When studying particle motion, we're observing how particles change position over time. This can be described by a position vector function, often denoted as \( \mathbf{r}(t) \). The function gives the coordinates of the particle in terms of time, \( t \). For instance, if a particle's position is given by \( \mathbf{r}(t) = \langle t^2, \ln(t), \sin(\pi t) \rangle \), each component of the vector function represents the particle's location in a different spatial dimension.
The first component, \( t^2 \), shows the particle's motion along the x-axis, the second component, \( \ln(t) \), along the y-axis, and the third, \( \sin(\pi t) \), along the z-axis. As time progresses, the particle traces out a path in three-dimensional space.

• The position of the particle at any specific time can be found by simply substituting the value of \( t \) into the position function.
• At \( t = 1 \) second, using the given function, the position vector is \( \langle 1, 0, 0 \rangle \), representing the particle's point in space.

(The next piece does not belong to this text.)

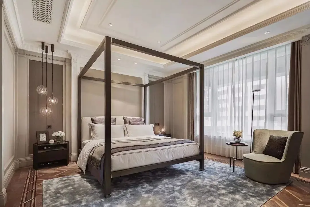 飘逸的轻纱白帘,柔软的手工编织真丝毯,增添空间温馨感;大气的衣帽间,嵌入式妆台和定制储物格轻松应对一切美妆需求,体现出居者的时尚造诣,亦油然而生对品质生活的仰慕与敬意。

Velocity functions are crucial for understanding how quickly a particle's position changes over time. To find the velocity function \( \mathbf{v}(t) \) of a particle described by a position function \( \mathbf{r}(t) \), differentiate each component of the position vector with respect to time.
For our example position function \( \mathbf{r}(t) = \langle t^2, \ln(t), \sin(\pi t) \rangle \):

• Differentiating \( t^2 \) gives \( 2t \), illustrating the rate of change of the x-coordinate.
• Differentiating \( \ln(t) \) results in \( \frac{1}{t} \), indicating the rate of change in the y-coordinate.
• Applying the chain rule to \( \sin(\pi t) \), we get \( \pi \cos(\pi t) \), showing how quickly the z-coordinate changes.

Hence, the velocity function is \( \mathbf{v}(t) = \langle 2t, \frac{1}{t}, \pi \cos(\pi t) \rangle \).
At \( t = 1 \), we compute the velocity vector \( \langle 2, 1, -\pi \rangle \), which describes the particle’s speed and direction in each dimensional axis.

Acceleration functions detail how the velocity of a particle changes over time, offering insights into speeding up or slowing down motions. To determine the acceleration function \( \mathbf{a}(t) \), differentiate the velocity function \( \mathbf{v}(t) \) with respect to time.
Given the velocity function \( \mathbf{v}(t) = \langle 2t, \frac{1}{t}, \pi \cos(\pi t) \rangle \):

• The differentiation of \( 2t \) results in \( 2 \), representing constant acceleration along the x-axis.
• Differentiating \( \frac{1}{t} \) leads to \( -\frac{1}{t^2} \), showing how the y-coordinate’s rate of change decreases over time.
• Using the chain rule on \( \pi \cos(\pi t) \), we obtain \( -\pi^2 \sin(\pi t) \), indicating oscillatory acceleration along the z-axis.

Thus, the acceleration function is \( \mathbf{a}(t) = \langle 2, -\frac{1}{t^2}, -\pi^2 \sin(\pi t) \rangle \).
Evaluating this at \( t = 1 \) gives the acceleration \( \langle 2, -1, 0 \rangle \), reflecting the specific changes in velocity at that moment.

Speed is a scalar quantity that provides the magnitude of velocity without regard to direction. To find the speed of a particle, calculate the magnitude of its velocity vector \( \mathbf{v}(t) \). This involves taking the square root of the sum of the squares of its components.
For the velocity function \( \mathbf{v}(t) = \langle 2t, \frac{1}{t}, \pi \cos(\pi t) \rangle \), the speed is:

• \( \text{Speed} = \sqrt{(2t)^2 + \left(\frac{1}{t}\right)^2 + (\pi \cos(\pi t))^2} \)
• Simplifying yields \( \text{Speed} = \sqrt{4t^2 + \frac{1}{t^2} + \pi^2 \cos^2(\pi t)} \).

At \( t = 1 \), the speed computes to \( \sqrt{4 + 1 + \pi^2} \).
This tells us how fast the particle is moving in space, irrespective of its direction.